SOURCE RECORDS –
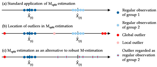Figure 1 illustrates the general idea of Msplit estimation in panel (a), when location parameters of both observation groups are estimated resulting in the estimates and . Panel (b) presents different types of outlying observations and their locations within regular observations. Panel (c) shows how Msplit estimation can be used as a conventional robust procedure. Here, one is only interested in estimating , and the estimate is supposed to describe the location of outliers in general and can finally be omitted.
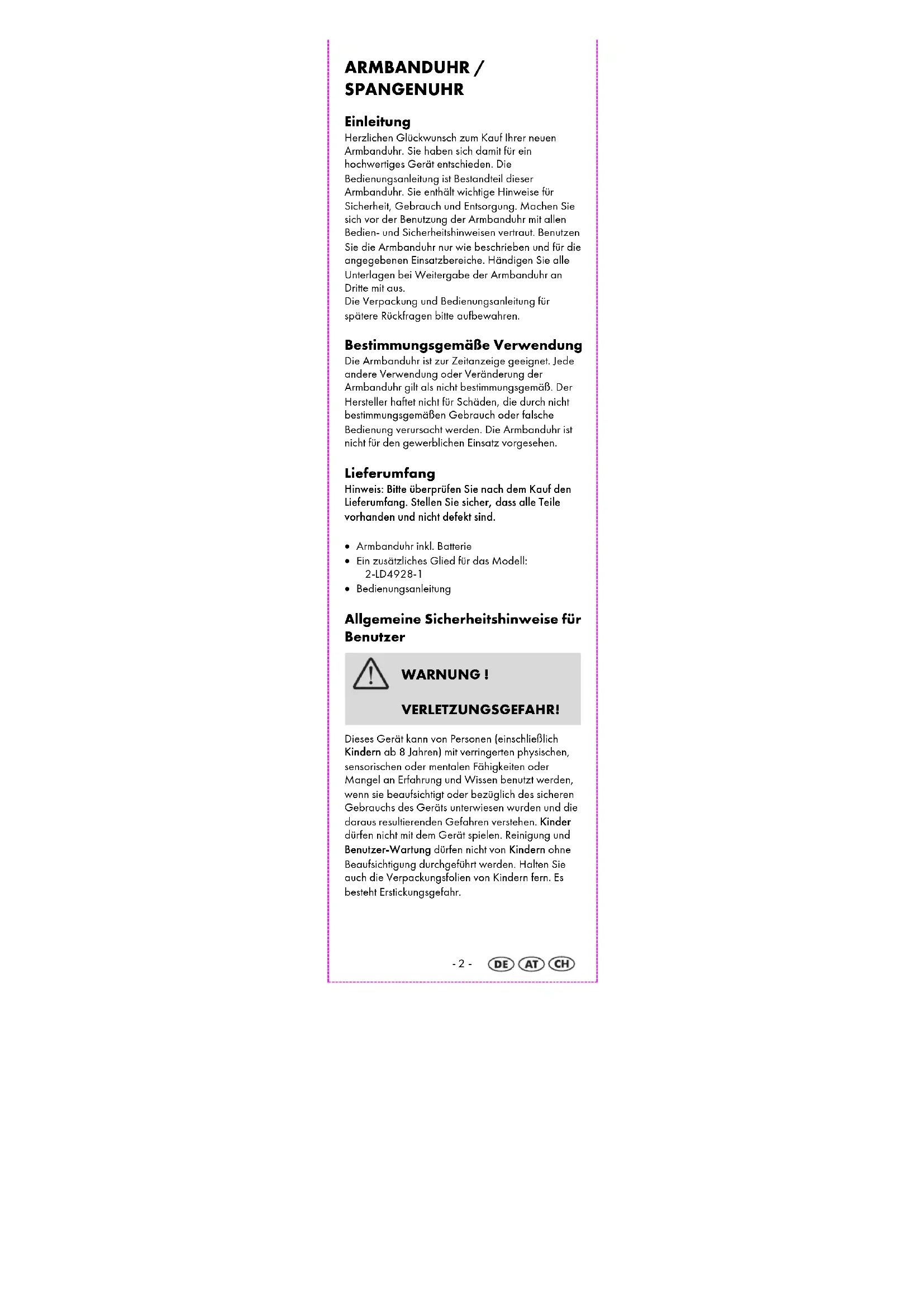 ARMBANDUHR / SPANGENUHR Einleitung Herzlichen Glückwunsch zum Kauf Ihrer neuen Armbanduhr. Sie haben sich damit für ein hochwertiges Gerät entschieden. Die Bedienungsanleitung ist Bestandteil dieser Armbanduhr. Sie enthält wichtige Hinweise für Sicherheit, Gebrauch und Entsorgung. Machen Sie sich vor der Benutzung der Armbanduhr mit allen Bedien- und Sicherheitshinweisen vertraut. Benutzen Sie die Armbanduhr nur wie beschrieben und für die angegebenen Einsatzbereiche. Händigen Sie alle Unterlagen bei Weitergabe der Armbanduhr an Dritte mit aus. Die Verpackung und Bedienungsanleitung für spätere Rückfragen bitte aufbewahren. Bestimmungsgemäße Verwendung Die Armbanduhr ist zur Zeitanzeige geeignet. Jede andere Verwendung oder Veränderung der Armbanduhr gilt als nicht bestimmungsgemäß. Der Hersteller haftet nicht für Schäden, die durch nicht bestimmungsgemäßen Gebrauch oder falsche Bedienung verursacht werden. Die Armbanduhr ist nicht für den gewerblichen Einsatz vorgesehen. Lieferumfang Hinweis: Bitte überprüfen Sie nach dem Kauf den Lieferumfang. Stellen Sie sicher, dass alle Teile vorhanden und nicht defekt sind. Armbanduhr inkl. Batterie Ein zusätzliches Glied für das Modell: 2-LD4928-1 Bedienungsanleitung Allgemeine Sicherheitshinweise für Benutzer
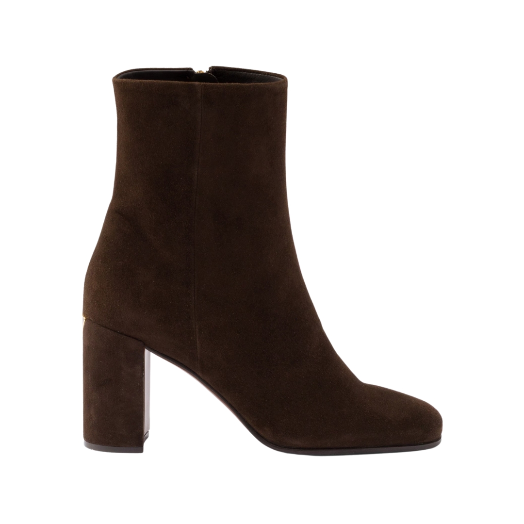 Stivaletti Prada in camoscio marrone scuro con tacco 8.5 cm
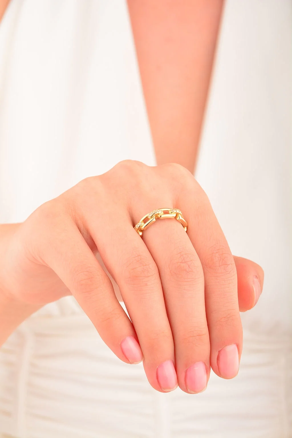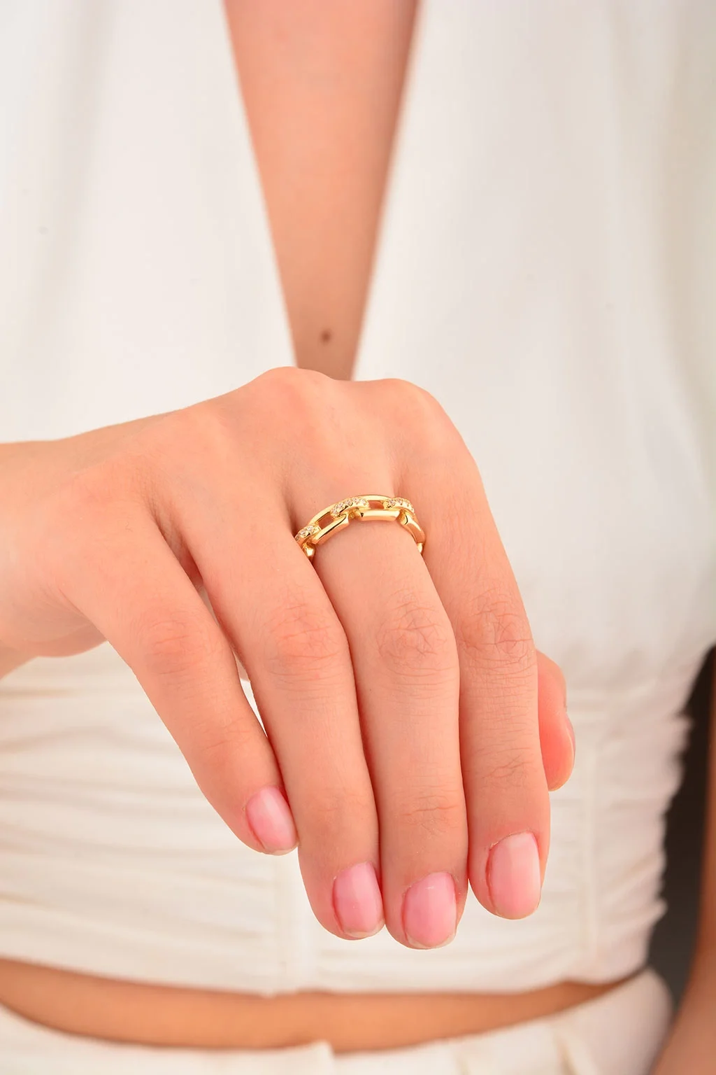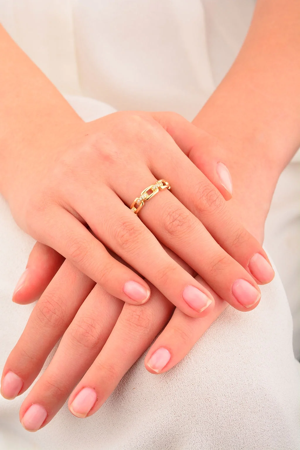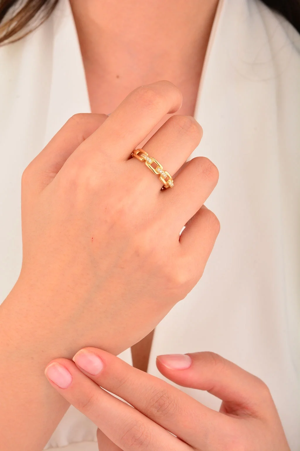 Cebeci 14 Ayar Taşlı Altın Zincir Yüzük
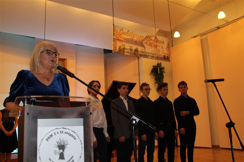 Jak wielu ma ona przyjaciół, sympatyków świadczy fakt, że tak wielu gości przybyło świętować zacny jubileusz Państwowej Szkoły Muzycznej. Były życzenia, gratulacje, podziękowania za rozwijanie muzycznych talentów, ale i za współpracę, pochwały za osiągane wyniki, udane przedsięwzięcia a także prezenty – wszyscy goście w samych superlatywach wygłaszali peany na cześć placówki, która uczy dziś niespełna 300 uczniów, zatrudniając 49 pedagogów. Nieprzerwanie od 45 lat kształci muzycznie kolejne pokolenia mieszkańców Sochaczewa, ale też ościennych miejscowości. W tradycję wpisały się organizowane tu z powodzeniem koncerty okolicznościowe, konkursy i festiwale muzyczne. Jak podkreślała w swym wystąpieniu Anna Wróblewska, dyrektor PSM, bardzo często zdarza się, że w jednej rodzinie kilka osób pobiera lub pobierało naukę w tej szkole, która niewątpliwie jest wizytówką naszej ziemi sochaczewskiej. Jak podkreślała w swym wystąpieniu obecna na jubileuszu starosta Jolanta Gonta, Szkoła Muzyczna aktywnie uczestniczy w wielu ważnych wydarzeniach, odbywających się na terenie powiatu sochaczewskiego, soliści, ale i chór uświetniają swą obecnością tak historyczne, jak i kulturalne spotkania. - Takie jubileusze cieszą, życzymy kolejnych tak udanych i wiernego grona odbiorców – mówiła starosta. Wraz z Bogumiłem Czubackim, członkiem Zarządu Powiatu wręczyła dyrekcji Szkoły prezent wraz z okolicznościowym grawertonem. Ponadto, gratulacje i życzenia na ręce dyrektor składali: poseł na Sejm RP Maciej Małecki, wiceprzewodniczący Sejmiku Woj. Mazowieckiego Adam Orliński, Łukasz Gołębiowski, radny Sejmiku Woj. Mazowieckiego, burmistrz Sochaczewa Piotr Osiecki wraz z Sylwestrem Kaczmarkiem, przewodniczącym Rady Miejskiej oraz wójt gminy Sochaczew – Mirosław Orliński.

EXERCISE DESCRIPTION – Give back exactly the lines of the listing above from the one that contains "ARMBANDUHR / SPANGENUHR" up to and including the one that contains "Cebeci 14 Ayar Taşlı Altın Zincir Yüzük", but not the pictures, and no other lines.

ANSWER SECTION –
 ARMBANDUHR / SPANGENUHR Einleitung Herzlichen Glückwunsch zum Kauf Ihrer neuen Armbanduhr. Sie haben sich damit für ein hochwertiges Gerät entschieden. Die Bedienungsanleitung ist Bestandteil dieser Armbanduhr. Sie enthält wichtige Hinweise für Sicherheit, Gebrauch und Entsorgung. Machen Sie sich vor der Benutzung der Armbanduhr mit allen Bedien- und Sicherheitshinweisen vertraut. Benutzen Sie die Armbanduhr nur wie beschrieben und für die angegebenen Einsatzbereiche. Händigen Sie alle Unterlagen bei Weitergabe der Armbanduhr an Dritte mit aus. Die Verpackung und Bedienungsanleitung für spätere Rückfragen bitte aufbewahren. Bestimmungsgemäße Verwendung Die Armbanduhr ist zur Zeitanzeige geeignet. Jede andere Verwendung oder Veränderung der Armbanduhr gilt als nicht bestimmungsgemäß. Der Hersteller haftet nicht für Schäden, die durch nicht bestimmungsgemäßen Gebrauch oder falsche Bedienung verursacht werden. Die Armbanduhr ist nicht für den gewerblichen Einsatz vorgesehen. Lieferumfang Hinweis: Bitte überprüfen Sie nach dem Kauf den Lieferumfang. Stellen Sie sicher, dass alle Teile vorhanden und nicht defekt sind. Armbanduhr inkl. Batterie Ein zusätzliches Glied für das Modell: 2-LD4928-1 Bedienungsanleitung Allgemeine Sicherheitshinweise für Benutzer
 Stivaletti Prada in camoscio marrone scuro con tacco 8.5 cm
 Cebeci 14 Ayar Taşlı Altın Zincir Yüzük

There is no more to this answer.